De beroepen zijn ongegrond.
2.6. Ten aanzien van [appellant sub 1] dient het college op hierna te melden wijze te worden veroordeeld tot vergoeding van de proceskosten.
Ten aanzien van [appellant sub 2] en [appellant sub 3] is niet gebleken van proceskosten die voor vergoeding in aanmerking komen.
Ten aanzien van [appellant sub 3] en LTO Noord bestaat geen aanleiding voor een proceskostenveroordeling.

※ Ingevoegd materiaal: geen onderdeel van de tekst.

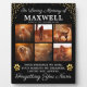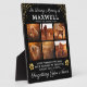 Plaque photo personnalisée de chien avec 6 précieuses photos de votre animal de compagnie bien-aimé, empreintes de pattes en forme de cœur doré et paillettes, le texte "à la mémoire de", le nom de votre chien, dates de naissance et de décès, et la citation de condoléances "nous regrettons votre présence, nous chérissons votre mémoire, vous aimant toujours, ne vous oubliant jamais"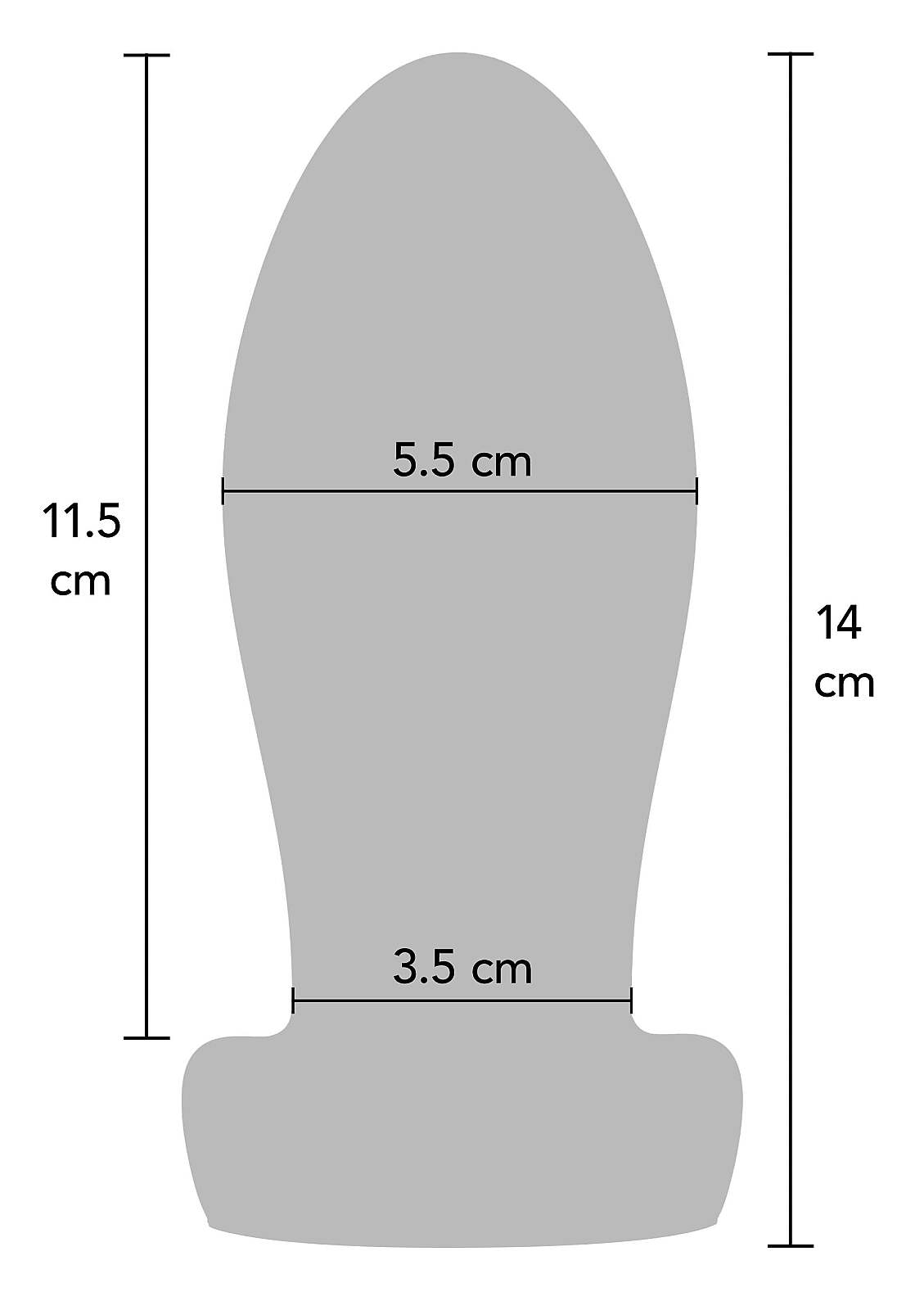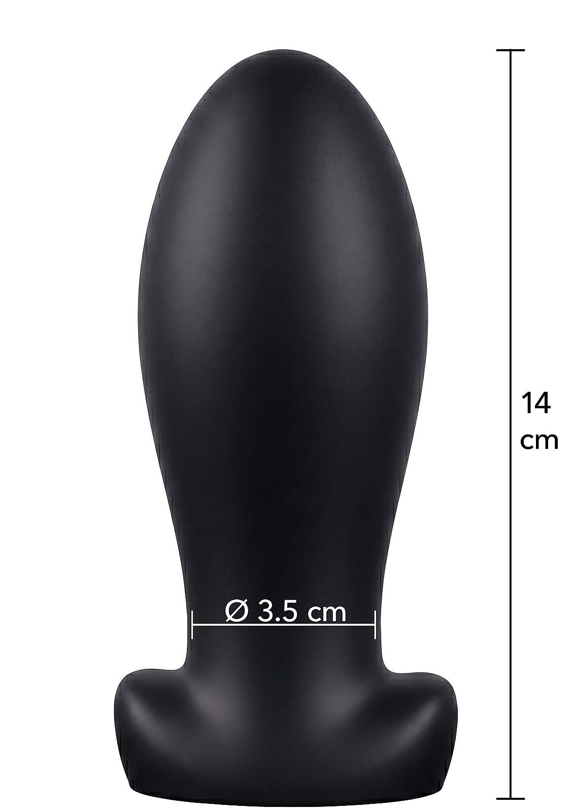 Pevný a těžký anální kolík z 100% tekutého silikonu s širokou základnou. Velikost M, 14 cm celkově, 11,5 cm vkládací délka. Přirozená váha zvyšuje tlak a pomáhá s tréninkem na větší hračky. Další informace
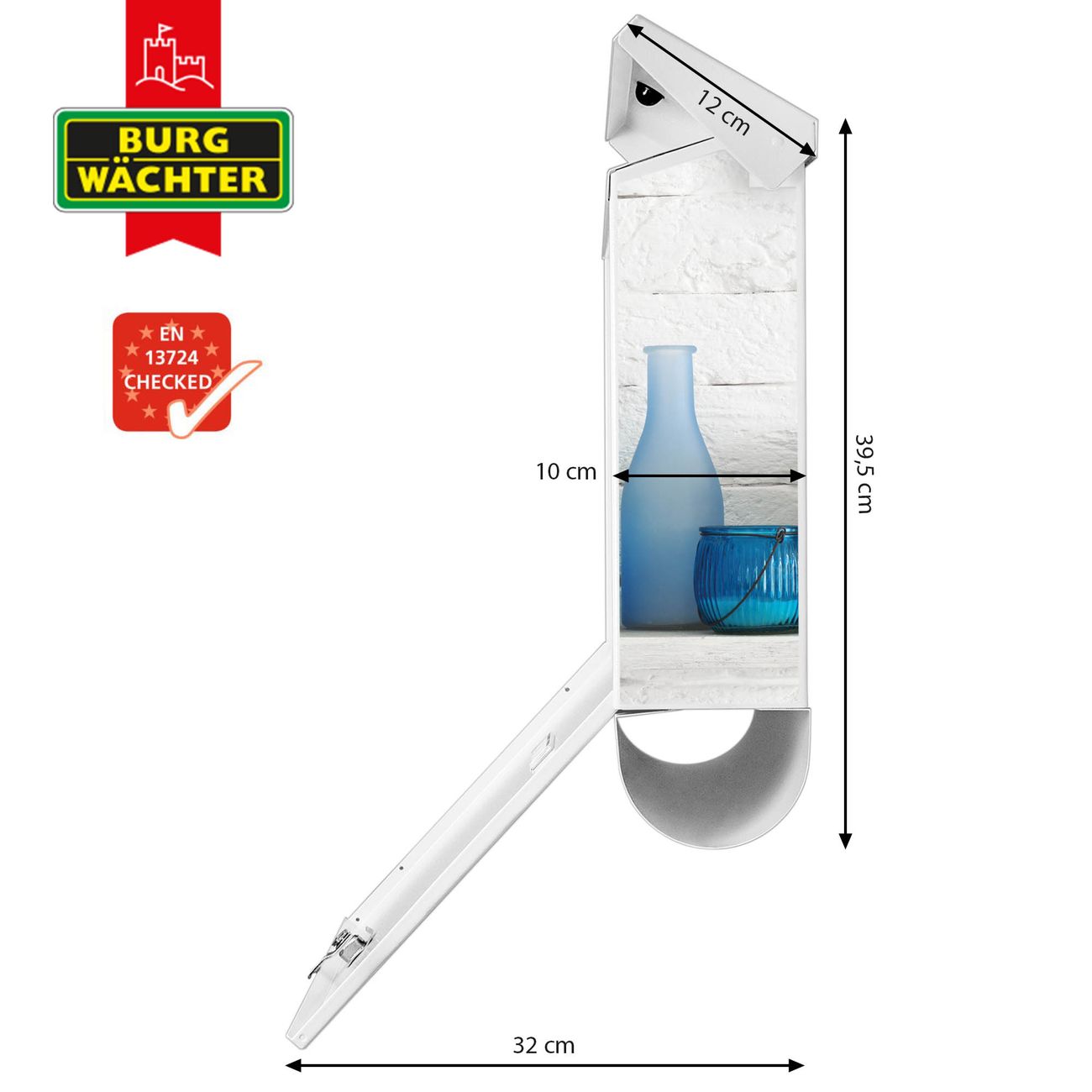 Der BURG-WÄCHTER Stahl Briefkasten mit Dekoartikel Blau Motiv bietet Ihnen mit seinem Fassungsvermögen genügend Platz auch für große A4 Sendungen und Zeitschriften. Das integrierte Regendach schützt Ihre Post vor dem Eindringen von Regen.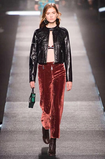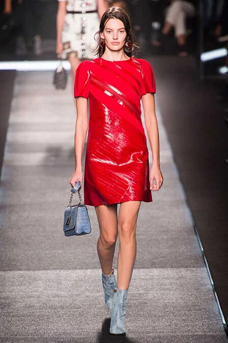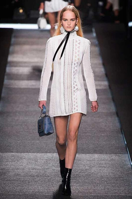 - 創新材質拼接:運用純色皮革與針織結合,或是荷葉邊裝飾蕾絲與亮片拼貼,將手工技藝與高科技面料完美融合。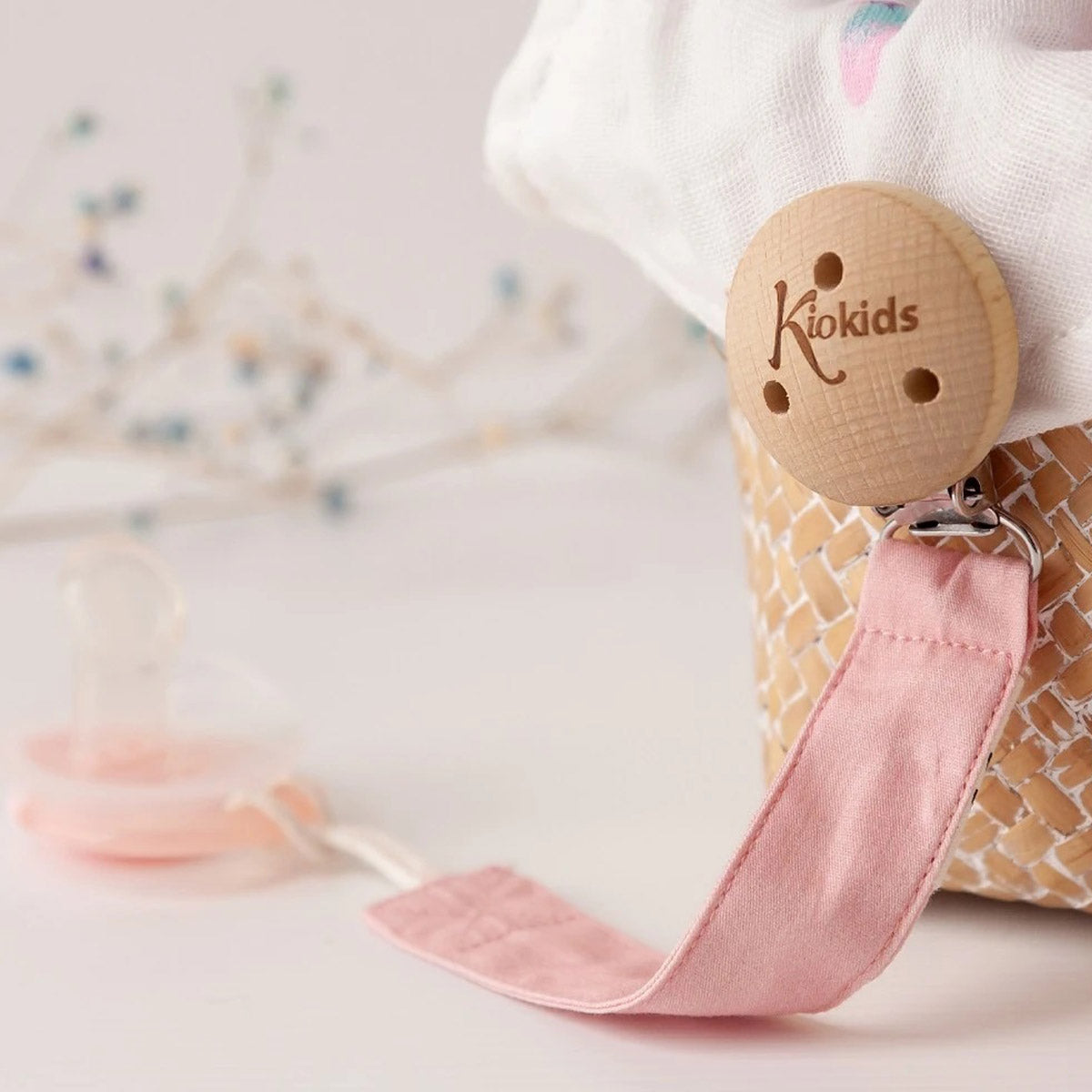 Sujeta chupetes, para acompañar nuestros chupetes. Se sujetan a la cuerda con una pinza en acero inoxidable y madera de haya , y al chupete con una cinta en algodón con un cordel, por lo que se adaptan a cualquier chupete con anilla.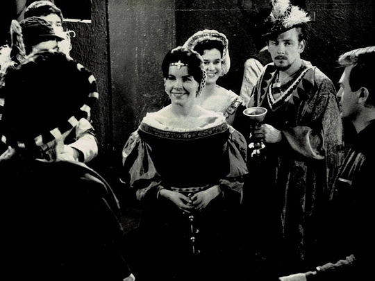 Rehearsals for early TV drama The Taming of the Shrew (1963). From centre, Patricia Turner (as Bianca), unknown, Wayne Tourell (holding cup, as Hortensio), director and narrator John Kim, and at far right (visible when you press on the photo), Jennifer Barrer (Katherina).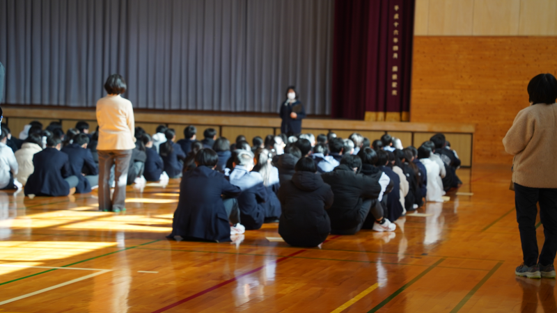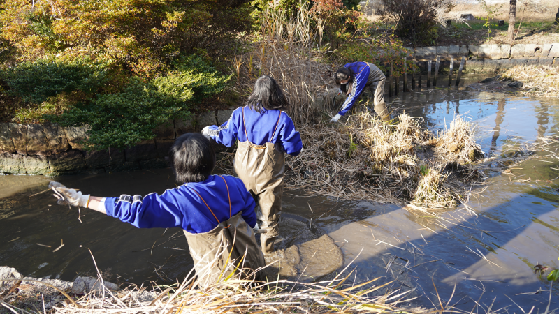 ESD基礎の授業で、エコ広場の生き物観察を担当するチームが、教室を飛び出して裏庭の「ひょうたん池」で本格的な生物調査を行いました。この日は池の水を抜いて、ふだんは見えない池底の様子やそこに生息する生き物をじっくり観察。地域の方にご協力いただき、生き物の名前や特徴を教わりながら、エビやミズカマキリ、ヤゴなどを丁寧に捕獲して観察しました。実際に手に取りながら命の存在を身近に感じる体験は、生徒たちにとって大きな学びとなりました。教室の授業だけでは得られない気づきや驚きが詰まったこの活動は、自然とのつながりや地域との関わりを深める貴重な機会となりました。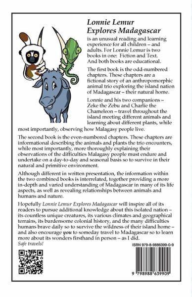 Lonnie Lemur Explores Madagascar (c) is two enjoyable children's books combined within one colorful book cover - a fun fictional adventure and a revealing informational text. Together, these different writing styles introduce the curious reader to many of the creatures that live on the island that is so close to the continent of Africa, and how the Malagasy people live within their underdeveloped isolated nation. The two books share much of the same information - only presented differently - about the island's geographical environments, its various climatic and seasonal conditions, the life habits of numerous island animals within these different environs, and how Malagasy people live far different lives compared to people living in more developed modern nations. Lonnie Lemur, along with his two travel mates - Zeke the Zebu and Charlie the Chameleon - explore Madagascar meeting a variety of native birds and reptiles and amphibians and arachnid and insects and mammals only to be found living on this remote island, and learn about how these different creatures live within their chosen surroundings. During their arduous adventure trekking throughout the rugged island, the traveling trio quietly observe Malagasy men and women and children working together so to survive within difficult natural circumstances. The purpose of Lonnie Lemur Explores Madagascar (c) is to inform many fortunate children throughout the world as to how different and how difficult daily life is in many underdeveloped nations of the world, and to hopefully encourage these fortunate children and their parents - or even when these fortunate children grow into adults - to travel to underdeveloped nations, like Madagascar, so to have a personal learning experience of how less fortunate people struggle to live. Also, the small amount of initial earnings by this author in the sale of this book - and in the sale of his other published children's books - will be accumulated into a fund so to help pay for life-saving childhood vaccines specifically for Malagasy children.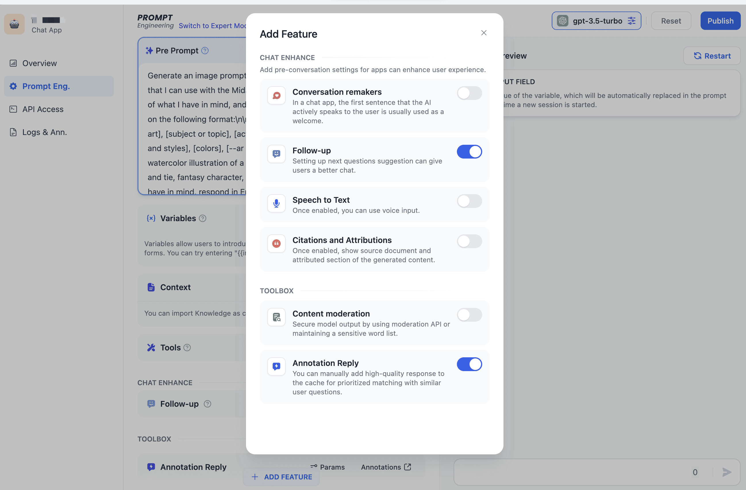 prompt engineering --> Add feature(currently only supported for chat apps). LLM reply content can then be annotated in LLM apps debug process or logs. High-quality LLM replies can be added directly or edited as needed before being persisted.
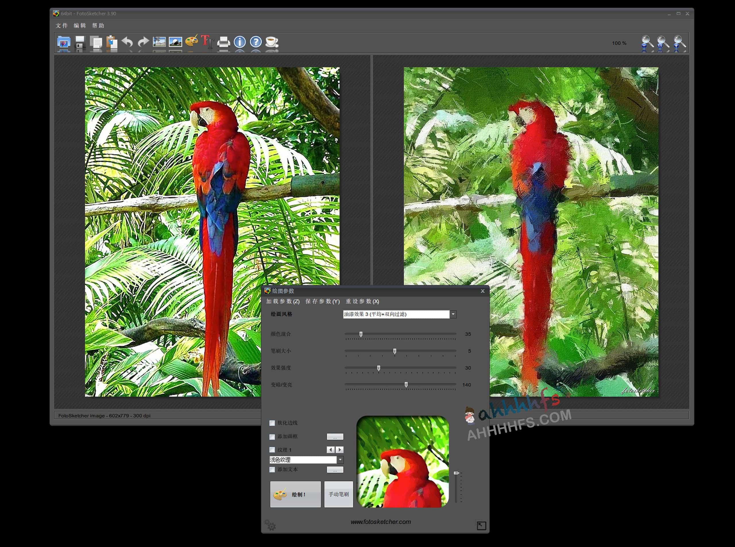 FotoSketcher一款免费照片转绘画风格软件,只需点击几下鼠标即可自动将照片转换为艺术作品。支持从铅笔素描到水彩画或油画、钢笔画、墨水画、抽象艺术和卡通画,有 20 多种不同的风格可供选择,工具还可以修改原始照片增强对比度、锐化、简化图像、增加亮度、颜色饱和度等,或者并添加简单或逼真的框架和文本,支持Windows和macOS。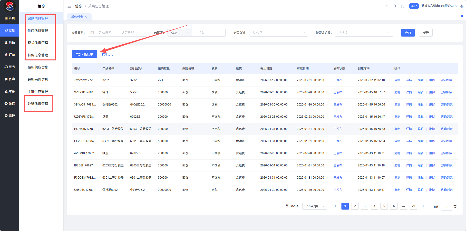 发布入口:登录商户管理后台信息模块→【采购信息管理】/【供应信息管理】等→【添加采购信息】→ 保存并发布 → 实现对前台内容的展示

De Afdeling bestuursrechtspraak van de Raad van State
Recht doende in naam der Koningin:
I. verklaart de beroepen van [appellant sub 1],[appellant sub 2] en [appellant sub 3] gegrond;
II. vernietigt het besluit van het college van gedeputeerde staten van Drenthe van 13 april 2010, kenmerk 5.3/2009012189, voor zover daarbij goedkeuring is verleend aan de plandelen met de bestemming "Wonen", voor zover deze betrekking hebben op de percelen [locatie sub 1] te Nijeveen, [locatie sub 2] te De Schiphorst en [locatie sub 2a] te Nijeveen;
III. onthoudt goedkeuring aan de hiervoor onder II genoemde plandelen;
IV. bepaalt dat deze uitspraak, voor zover het betreft de onder II genoemde plandelen, in de plaats treedt van het besluit voor zover dat is vernietigd;
V. verklaart de beroepen van [appellant sub 3] en de vereniging Land- en Tuinbouw Organisatie Noord ongegrond;
VI. veroordeelt het college van gedeputeerde staten van Drenthe tot vergoeding van bij [appellant sub 1] in verband met de behandeling van het beroep opgekomen proceskosten tot een bedrag van € 91,82 (zegge: eenennegentig euro en tweeëntachtig cent);
VII. gelast dat het college van gedeputeerde staten van Drenthe aan [appellant sub 1],[appellant sub 2] en [appellant sub 3] het door hen voor de behandeling van de beroepen betaalde griffierecht ten bedrage van € 150,00 (zegge: honderdvijftig euro) voor [appellant sub 1], € 150,00 (zegge: honderdvijftig euro) voor [appellant sub 2] en € 150,00 (zegge: honderdvijftig euro) voor [appellant sub 3] vergoedt.
Aldus vastgesteld door mr. J.A.W. Scholten-Hinloopen, voorzitter, en mr. M.W.L. Simons-Vinckx en mr. S.J.E. Horstink-von Meyenfeldt, leden, in tegenwoordigheid van T.A. Oudenaarden, ambtenaar van staat.